Emergent Mind

Abstract

This paper addresses text-supervised semantic segmentation, aiming to learn a model capable of segmenting arbitrary visual concepts within images by using only image-text pairs without dense annotations. Existing methods have demonstrated that contrastive learning on image-text pairs effectively aligns visual segments with the meanings of texts. We notice that there is a discrepancy between text alignment and semantic segmentation: A text often consists of multiple semantic concepts, whereas semantic segmentation strives to create semantically homogeneous segments. To address this issue, we propose a novel framework, Image-Text Co-Decomposition (CoDe), where the paired image and text are jointly decomposed into a set of image regions and a set of word segments, respectively, and contrastive learning is developed to enforce region-word alignment. To work with a vision-language model, we present a prompt learning mechanism that derives an extra representation to highlight an image segment or a word segment of interest, with which more effective features can be extracted from that segment. Comprehensive experimental results demonstrate that our method performs favorably against existing text-supervised semantic segmentation methods on six benchmark datasets.
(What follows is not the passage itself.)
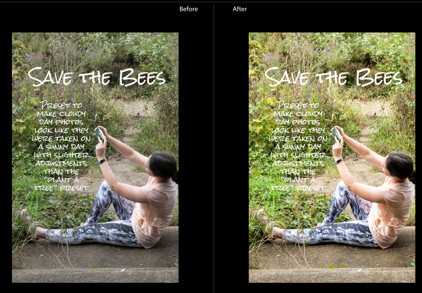 • to make cloudy day photos look like they were taken on a sunny day with slighter adjustments than the “Plant a Tree” preset
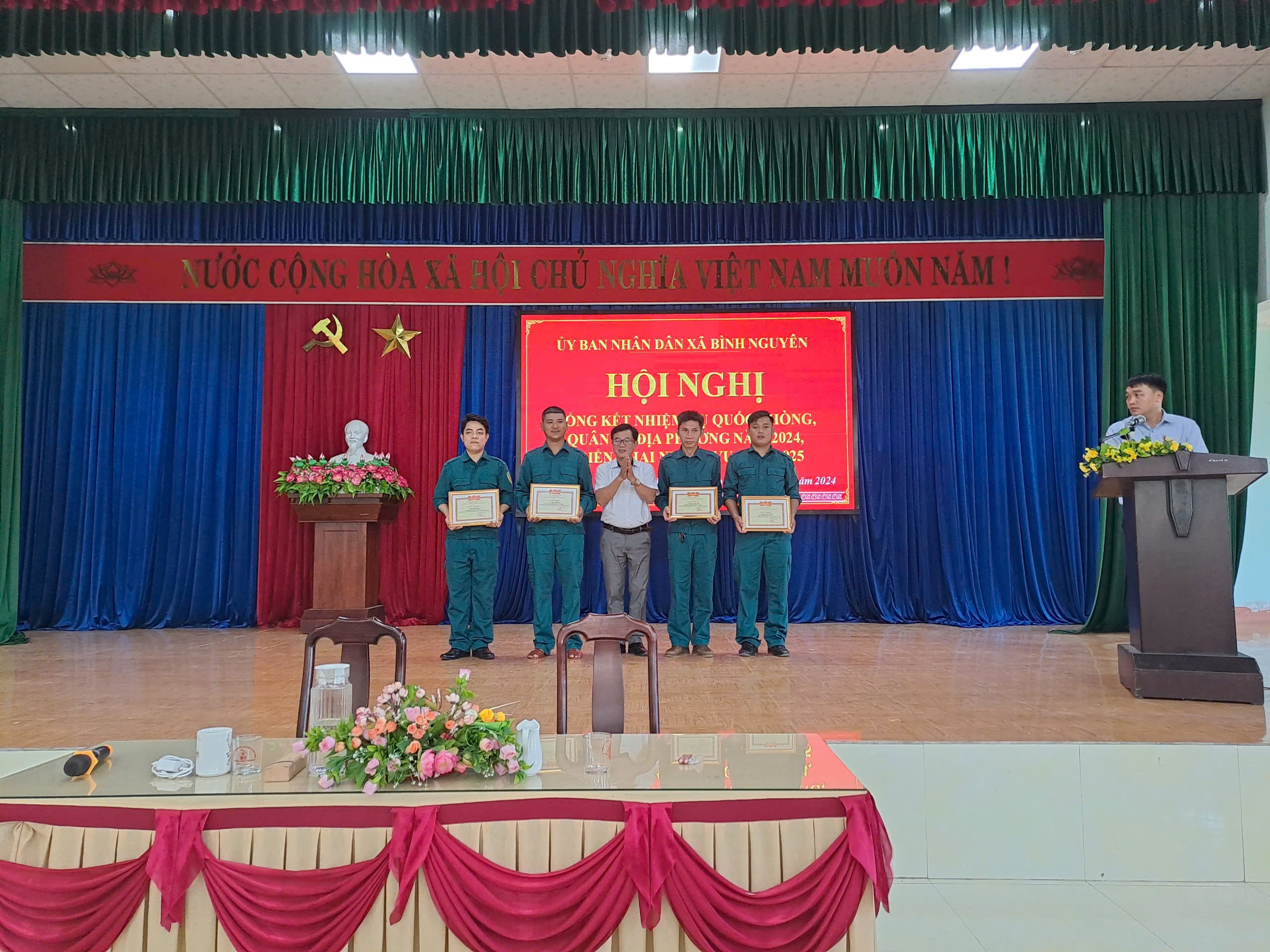Hội nghị cũng đã khen thưởng 2 tập thể và 4 cá nhân hoàn thành xuất sắc công tác quốc phòng, quân sự địa phương năm 2024.

Paper introduces region-word alignment through image-text co-decomposition for text-supervised semantic segmentation.

Overview

  • Introduces CoDe, a novel framework for text-supervised semantic segmentation that aligns image regions with word segments to improve performance.

  • Employs visual-language models for decomposing images into regions and texts into keywords, reducing the training and testing phase discrepancy.

  • Demonstrates superior performance on six benchmark datasets, showing notable advancements in zero-shot semantic segmentation.

  • Suggests potential for further research in vision-language processing, aiming for broader applications in computer vision through accurate visual-textual alignment.

Towards Accurate Text-Supervised Semantic Segmentation via Image-Text Co-Decomposition

Introduction

Semantic segmentation has been a critical task enabling various applications in computer vision, such as autonomous driving, robotic navigation, and medical image analysis. Traditionally, fully supervised methods have reigned supreme, primarily hindered by the high costs associated with obtaining pixel-level annotations. In response, text-supervised semantic segmentation has emerged as an appealing avenue, leveraging the abundant image-text pairs available on the internet to overcome the annotation bottleneck. This work introduces a novel framework, CoDe (Co-Decomposition), that fundamentally addresses the limitations inherent in existing text-supervised methods by facilitating an alignment between image regions and word segments to significantly enhance semantic segmentation performance.

Methodology

Image-Text Co-Decomposition (CoDe) Framework

CoDe establishes a direct correspondence between image and text by decomposing them into semantically relevant regions and word segments, respectively. This decomposition is achieved by employing a visual-language model tailored for segmenting an image into regions and segregating a text into word segments based on selected keywords (nouns). This direct mapping between decomposed image regions and corresponding word segments drastically reduces the discrepancy between training and testing phases, peculiar to prior methods.

  • Image and Text Segmenters: Functioning as the core components, these segmenters are designed for deducing semantically coherent regions from images and word segments from text, respectively, facilitated by the selection of nouns from the text.
  • Region-Word Alignment Module: By leveraging contrastive learning, a consensus between the image and word segments is enforced, strategically reducing the gap prevalent in earlier methods between the training objective and the actual task of semantic segmentation.

Highlighted Region and Word Prompts

Given the challenge of applying vision-language models to masked inputs—stemming from the practice of highlighting certain segments by masking others—CoDe introduces learnable prompts that serve to maintain effective feature extraction capabilities. These prompts essentially provide a consistent input structure to the vision-language model, thereby enhancing the alignment between the highlighted regions and words.

Experimental Validation

An extensive evaluation of the CoDe framework was carried out on six benchmark datasets, demonstrating its superior performance over existing text-supervised semantic segmentation methods. Notably, CoDe achieved favorable performance against state-of-the-art methods in zero-shot semantic segmentation, further supported by comprehensive ablation studies highlighting the effectiveness of its individual components and the overall approach.

Implications and Future Directions

The CoDe framework marks a significant step forward in text-supervised semantic segmentation, resolving critical discrepancies that have historically limited the efficacy of such methods. By establishing a robust mechanism for aligning image regions with word segments, CoDe not only enhances the segmentation accuracy but also opens up new possibilities for zero-shot and few-shot learning in the context of semantic segmentation. Future work could explore the integration of CoDe's principles with other tasks in vision-language processing, potentially leading to more generalized models capable of understanding and processing complex visual-textual relationships across a broader spectrum of applications.

Conclusion

The introduction of the CoDe framework represents a pivotal advancement in the field of text-supervised semantic segmentation, addressing longstanding challenges through innovative methodology. By fostering a more accurate and direct alignment between image regions and textual descriptors, CoDe sets a new standard for the development of efficient and robust semantic segmentation models, significantly broadening the horizons for research and applications in computer vision and beyond.